(RECORDS SUPPLIED)
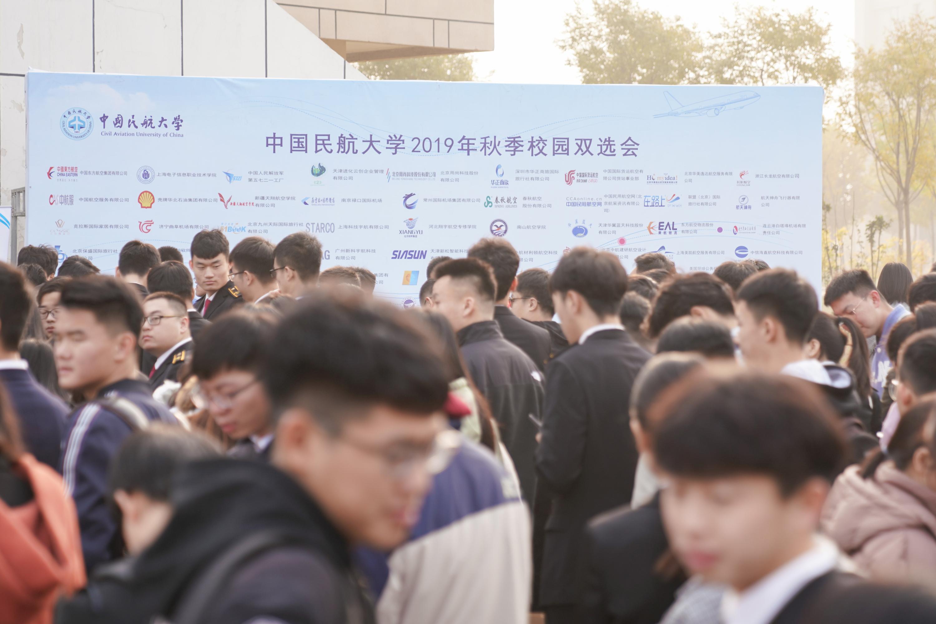 本网讯 11月9日至10日,中国民航大学2019年秋季校园双选会(以下简称“秋季双选会”)在南区至善苑举行。本次秋季双选会共有112家单位参与,较上次双选会增加18家,其中83% 以上单位为民航相关企业,提供超过3000个就业岗位,涵盖旅游、资源、信息技术等领域。
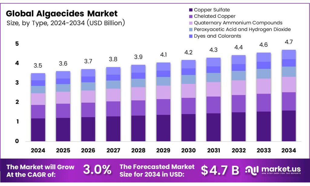 The Global Algaecides Market size is expected to be worth around USD 4.7 billion by 2034, from USD 3.5 billion in 2024, growing at a CAGR of 3.0% during the forecast period from 2025 to 2034.
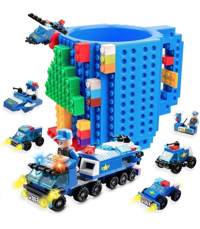 KUBEK KLOCKOWY 350ML NIEBIESKI KREATYWNY KUBEK DO BUDOWANIA KOMPATYBILNY Z LEGO ZIMNE CIEPŁE NAPOJE NA PREZENT DLA DZIECKA
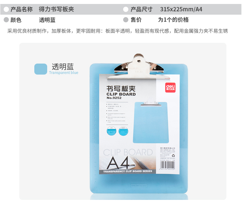 得力 9252(浅蓝)书写板夹
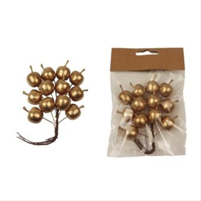 Sada 12 drobných zlatých umělých jablek na drátku je ideálním doplňkem pro vaše vánoční dekorace, věnce nebo květinová aranžmá. Díky pevné fixaci na drátku se snadno zapojují do různých výzdob a přidávají jim elegantní a slavnostní nádech. Skvělá přízdoba pro vytvoření originální a třpytivé sváteční atmosféry.
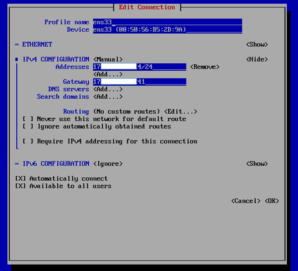 | rm /etc/sysconfig/network-scripts/ifcfg-ens160 rm /etc/sysconfig/network-scripts/ifcfg-ens161 nmtui |

(HOW TO COMPLETE THIS TASK) In your copy of the data above, leave out the pictures and repeat everything else exactly.

(OUTPUT OF THE TASK)
 本网讯 11月9日至10日,中国民航大学2019年秋季校园双选会(以下简称“秋季双选会”)在南区至善苑举行。本次秋季双选会共有112家单位参与,较上次双选会增加18家,其中83% 以上单位为民航相关企业,提供超过3000个就业岗位,涵盖旅游、资源、信息技术等领域。
 The Global Algaecides Market size is expected to be worth around USD 4.7 billion by 2034, from USD 3.5 billion in 2024, growing at a CAGR of 3.0% during the forecast period from 2025 to 2034.
 KUBEK KLOCKOWY 350ML NIEBIESKI KREATYWNY KUBEK DO BUDOWANIA KOMPATYBILNY Z LEGO ZIMNE CIEPŁE NAPOJE NA PREZENT DLA DZIECKA
 得力 9252(浅蓝)书写板夹
 Sada 12 drobných zlatých umělých jablek na drátku je ideálním doplňkem pro vaše vánoční dekorace, věnce nebo květinová aranžmá. Díky pevné fixaci na drátku se snadno zapojují do různých výzdob a přidávají jim elegantní a slavnostní nádech. Skvělá přízdoba pro vytvoření originální a třpytivé sváteční atmosféry.
 | rm /etc/sysconfig/network-scripts/ifcfg-ens160 rm /etc/sysconfig/network-scripts/ifcfg-ens161 nmtui |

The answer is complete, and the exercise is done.